EXERCISE PROMPT → Output the data below exactly as it is, dropping the pictures from your copy.

SOURCE DATA →
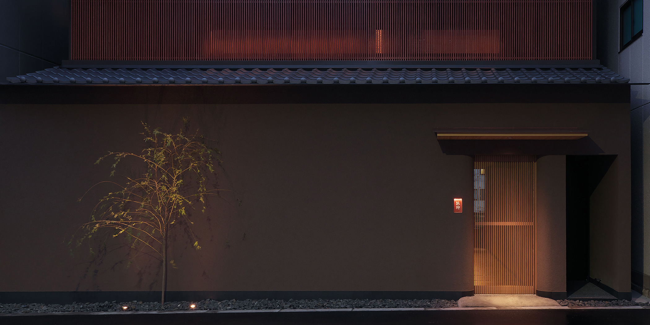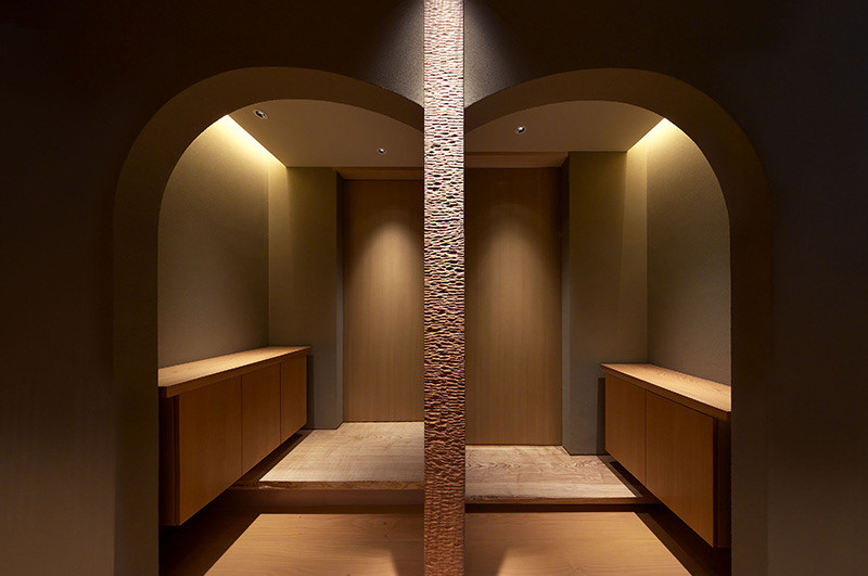 蹲は能勢石を切り出し、正面に自然の風合いを活かしながら滴る水が時を経て苔むす美しさを演出し滴る水は給水管からLEDに直接照らされ天井に水の波紋を映し出す設計になっています。
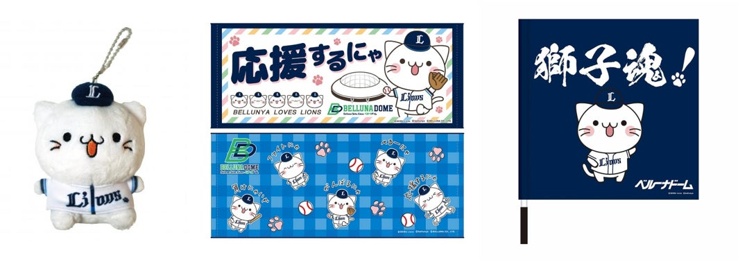 キーホルダーやタオル、フラッグなど、様々なアイテムでべるーにゃとライオンズのコラボグッズを制作・販売しています。試合観戦がより一層盛り上がること間違いなしのキュートな商品を多数展開しています。
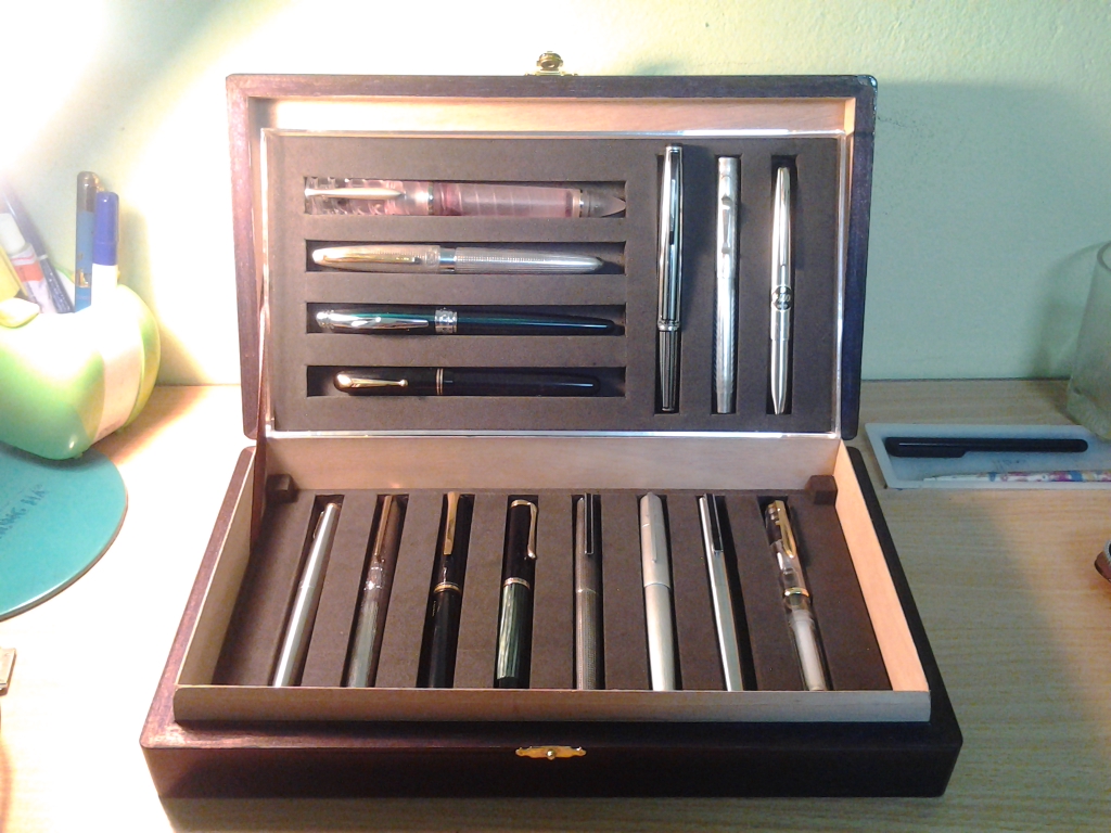 Xin cháo các anh chị,em thì chỉ mới gia nhập chừng vài tháng nay thôi, nên cũng là chiếc hộp đầu tiên của em, em có vài người quen chuyên làm hộp gỗ, họ cũng chẳng bao giờ làm hộp bao giờ, đây sản phẩm đầu tiên của họ làm cho em, vì là sản phẩm đầu tiên nên cũng có chút sai xót, có gì mọi người bỏ qua cho,với tổng thiệt hại hơn 400 nghìn một chút, em đã có được một hộp bút với 2 ngăn, mỗi ngăn là 8 cây, là quá nhiều so với tài sản bút còn èo ọt của em, em xin chia sẻ cùng mọi người ạ. Thân Chào mọi người.
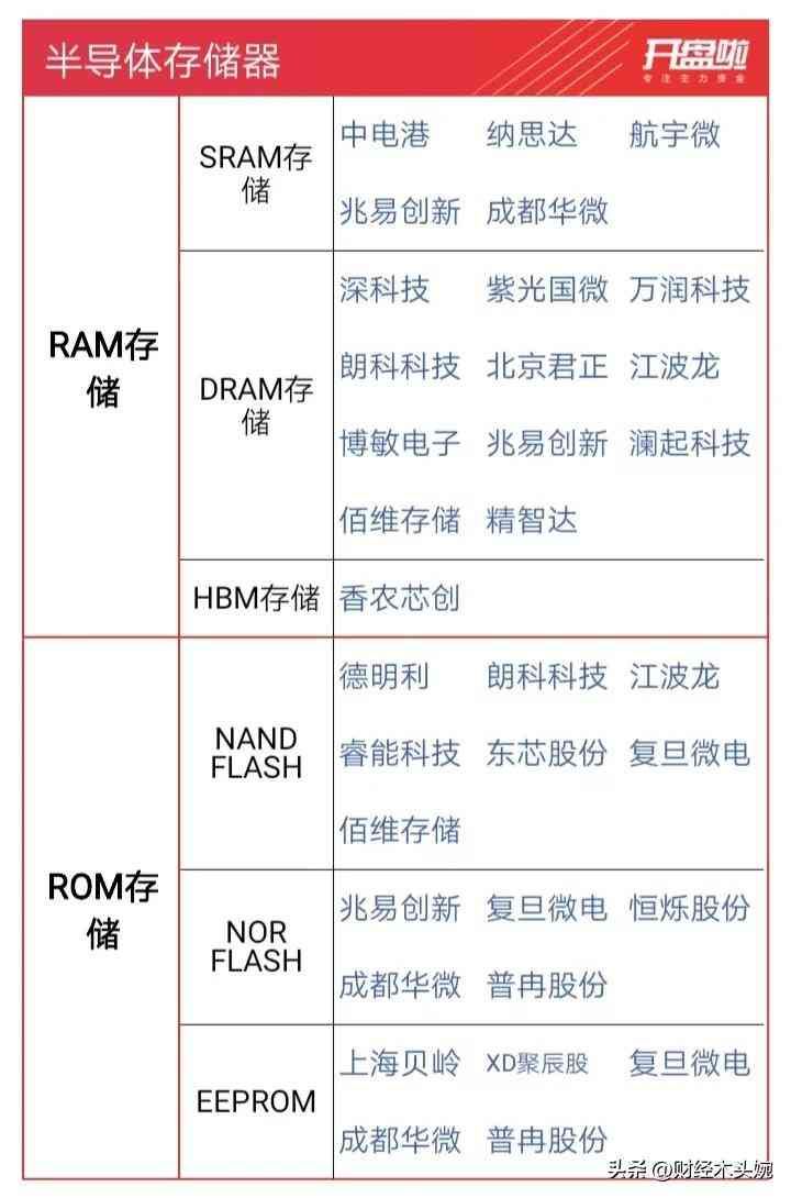 文章内容:储存芯片分类梳理、储存芯片十大龙头盘点、储存芯片盈利能力前十名单、国产储存芯片核心企业有哪些?

RESPONSE AREA →
 蹲は能勢石を切り出し、正面に自然の風合いを活かしながら滴る水が時を経て苔むす美しさを演出し滴る水は給水管からLEDに直接照らされ天井に水の波紋を映し出す設計になっています。
 キーホルダーやタオル、フラッグなど、様々なアイテムでべるーにゃとライオンズのコラボグッズを制作・販売しています。試合観戦がより一層盛り上がること間違いなしのキュートな商品を多数展開しています。
 Xin cháo các anh chị,em thì chỉ mới gia nhập chừng vài tháng nay thôi, nên cũng là chiếc hộp đầu tiên của em, em có vài người quen chuyên làm hộp gỗ, họ cũng chẳng bao giờ làm hộp bao giờ, đây sản phẩm đầu tiên của họ làm cho em, vì là sản phẩm đầu tiên nên cũng có chút sai xót, có gì mọi người bỏ qua cho,với tổng thiệt hại hơn 400 nghìn một chút, em đã có được một hộp bút với 2 ngăn, mỗi ngăn là 8 cây, là quá nhiều so với tài sản bút còn èo ọt của em, em xin chia sẻ cùng mọi người ạ. Thân Chào mọi người.
 文章内容:储存芯片分类梳理、储存芯片十大龙头盘点、储存芯片盈利能力前十名单、国产储存芯片核心企业有哪些?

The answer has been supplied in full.